━━ DATA PROVIDED

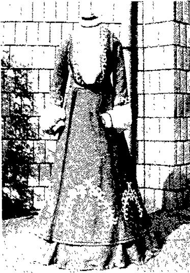
(그림 2) 데이 드레스 정면
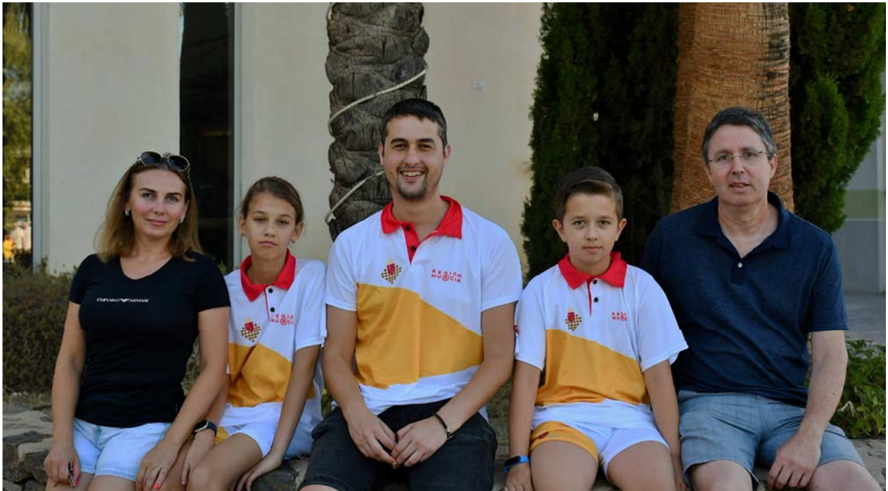
Jugadores/delegado y familiares
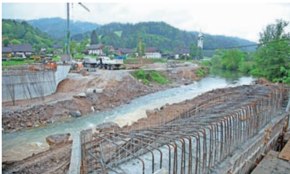
V Poljanah se nadaljujejo dela v okviru projekta za povečanje poplavalne varnosti Poljanske Sore.

Na delu je tako več gradbenih ekip, ki vsaka na svojem delu skrbi za izvedbo potrebnih ukrepov za izboljša-

━━━━

DIRECTIONS
The lines from the one containing "V Poljanah se" through the last line of the material above are to be copied exactly, both ends included.

ANSWER TO THE PROBLEM
V Poljanah se nadaljujejo dela v okviru projekta za povečanje poplavalne varnosti Poljanske Sore.

Na delu je tako več gradbenih ekip, ki vsaka na svojem delu skrbi za izvedbo potrebnih ukrepov za izboljša-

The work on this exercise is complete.